Work request. When you copy the entries, match them exactly and omit the pictures.

= Beginning of Section =

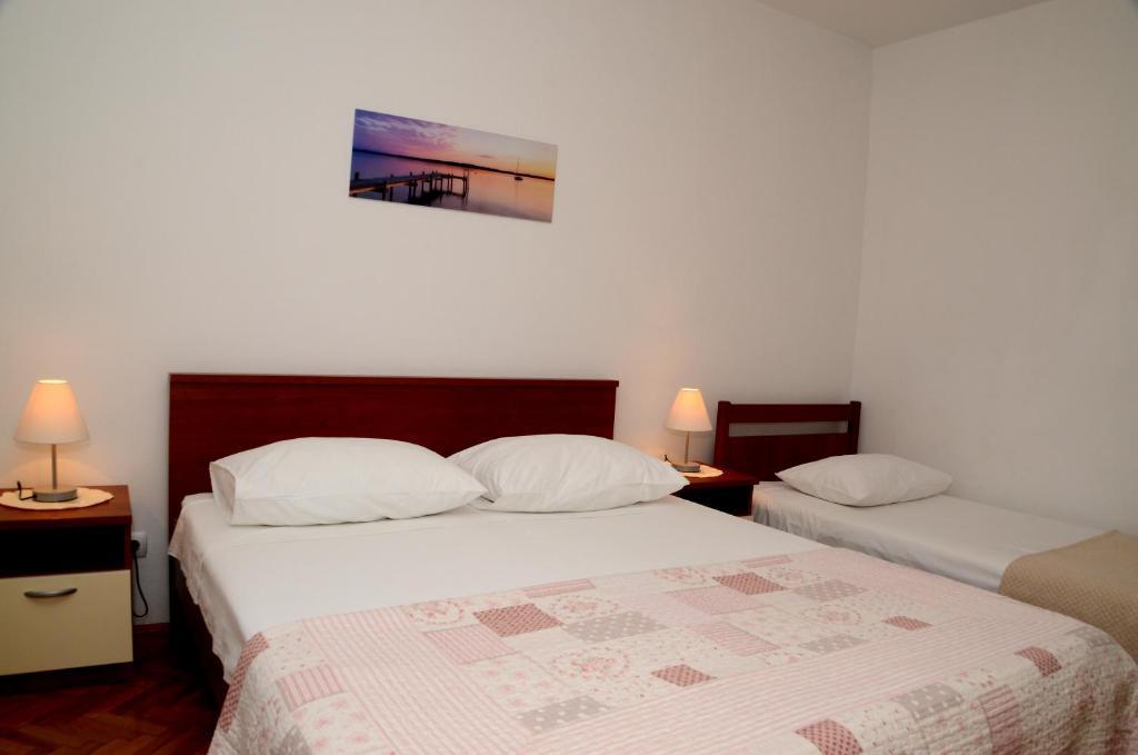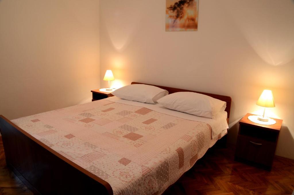 Bydleli jsme v bytě Anteho a Marije, skvělých hostitelů. Byt se nachází v klidné oblasti a je opravdu pohodlný, má tři ložnice a dvě koupelny (což je u rekreačních apartmánů neobvyklé). Ložnice jsou prostorné s pohodlnými postelemi. Je v prvním patře pravého dalmatského domu obloženého kamenem, ne v jednom z těch ohavných kostek ze skla, oceli a betonu, které teď staví! Má velkou zahradu plnou rostlin, která slouží také jako stinné parkoviště. Vybavení je takové, jak je popsáno, a je dobře zásobené. Jediným negativem, pokud vůbec nějakým, je přístup k bráně: Já jsem se dovnitř dostal se svou Lancií Musa bez problémů, ale náš kamarád se sedmimístným autem měl zpočátku trochu potíže, ale po druhém pokusu, s opatrností, se dovnitř snadno dostal. Ante je však ochotný a vysvětluje triky pro přístup. Přístup na pláž je rychlý a snadný. Já, který mám potíže s chůzí, jsem to dostával 10 minut, zatímco našim přátelům to trvalo polovinu času. Nevím, co dalšího bych měl dodat, co už není zmíněno v popisu, kromě toho, že vřele doporučuji dům rodiny Merleových. Díky Mariji a Antemu.
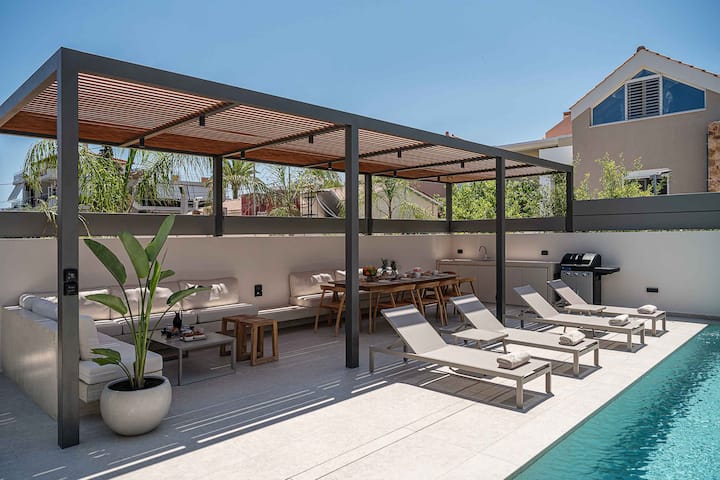 桑西豪华别墅I 距离海滩400米,配备加热*泳池和健身房
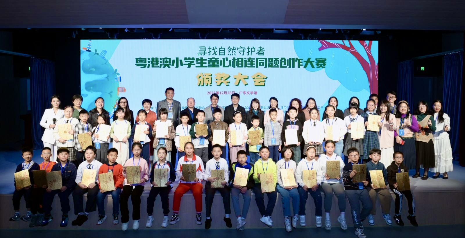 【即時新聞】由粵港澳三地十餘家文化、教育及出版機構聯合主辦的「尋找自然守護」2025粵港澳小學生童心相連同題創作大賽頒獎典禮,12月28日下午在廣州廣東文學館隆重舉行。此次活動匯聚了近兩百名來自三地的教育界和文學界代表及獲獎師生,共同見證這一跨地域的少兒文學盛事。
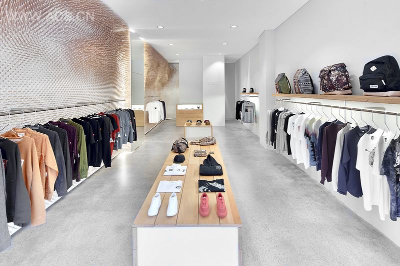 Swiss architecture firm ROK - Rippmann Oesterle Knauss has completed the MRQT boutique in Stuttgart, Germany. The store features a unique fur-like wall consisting of 22.000 wooden sticks with individual directions and of various lengths. The installation refers to the flowing forms and delicate texture of textiles and cloth. It creates a unique and sensational background for the fashion items displayed on the smoothly integrated clothes hangers. The flow of wooden sticks and subtle lighting s a central full height mirror and forms a central “stage” for the customer. Display stands and shelving in beech wood match the material of the wall installation. Together with the minimalistic interior space featuring white walls and a grinded concrete floor, the store develops a warm and inviting atmosphere for the customers browsing through a well-curated selection of premium street-wear brands.
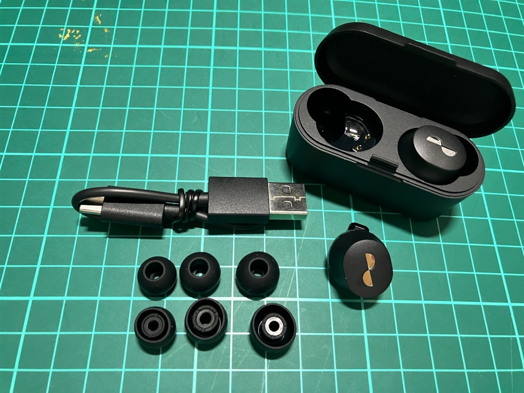 中身。充電ケース、本体、イヤーチップ、ケーブルです。

= End of Section =

Exercise result.
 Bydleli jsme v bytě Anteho a Marije, skvělých hostitelů. Byt se nachází v klidné oblasti a je opravdu pohodlný, má tři ložnice a dvě koupelny (což je u rekreačních apartmánů neobvyklé). Ložnice jsou prostorné s pohodlnými postelemi. Je v prvním patře pravého dalmatského domu obloženého kamenem, ne v jednom z těch ohavných kostek ze skla, oceli a betonu, které teď staví! Má velkou zahradu plnou rostlin, která slouží také jako stinné parkoviště. Vybavení je takové, jak je popsáno, a je dobře zásobené. Jediným negativem, pokud vůbec nějakým, je přístup k bráně: Já jsem se dovnitř dostal se svou Lancií Musa bez problémů, ale náš kamarád se sedmimístným autem měl zpočátku trochu potíže, ale po druhém pokusu, s opatrností, se dovnitř snadno dostal. Ante je však ochotný a vysvětluje triky pro přístup. Přístup na pláž je rychlý a snadný. Já, který mám potíže s chůzí, jsem to dostával 10 minut, zatímco našim přátelům to trvalo polovinu času. Nevím, co dalšího bych měl dodat, co už není zmíněno v popisu, kromě toho, že vřele doporučuji dům rodiny Merleových. Díky Mariji a Antemu.
 桑西豪华别墅I 距离海滩400米,配备加热*泳池和健身房
 【即時新聞】由粵港澳三地十餘家文化、教育及出版機構聯合主辦的「尋找自然守護」2025粵港澳小學生童心相連同題創作大賽頒獎典禮,12月28日下午在廣州廣東文學館隆重舉行。此次活動匯聚了近兩百名來自三地的教育界和文學界代表及獲獎師生,共同見證這一跨地域的少兒文學盛事。
 Swiss architecture firm ROK - Rippmann Oesterle Knauss has completed the MRQT boutique in Stuttgart, Germany. The store features a unique fur-like wall consisting of 22.000 wooden sticks with individual directions and of various lengths. The installation refers to the flowing forms and delicate texture of textiles and cloth. It creates a unique and sensational background for the fashion items displayed on the smoothly integrated clothes hangers. The flow of wooden sticks and subtle lighting s a central full height mirror and forms a central “stage” for the customer. Display stands and shelving in beech wood match the material of the wall installation. Together with the minimalistic interior space featuring white walls and a grinded concrete floor, the store develops a warm and inviting atmosphere for the customers browsing through a well-curated selection of premium street-wear brands.
 中身。充電ケース、本体、イヤーチップ、ケーブルです。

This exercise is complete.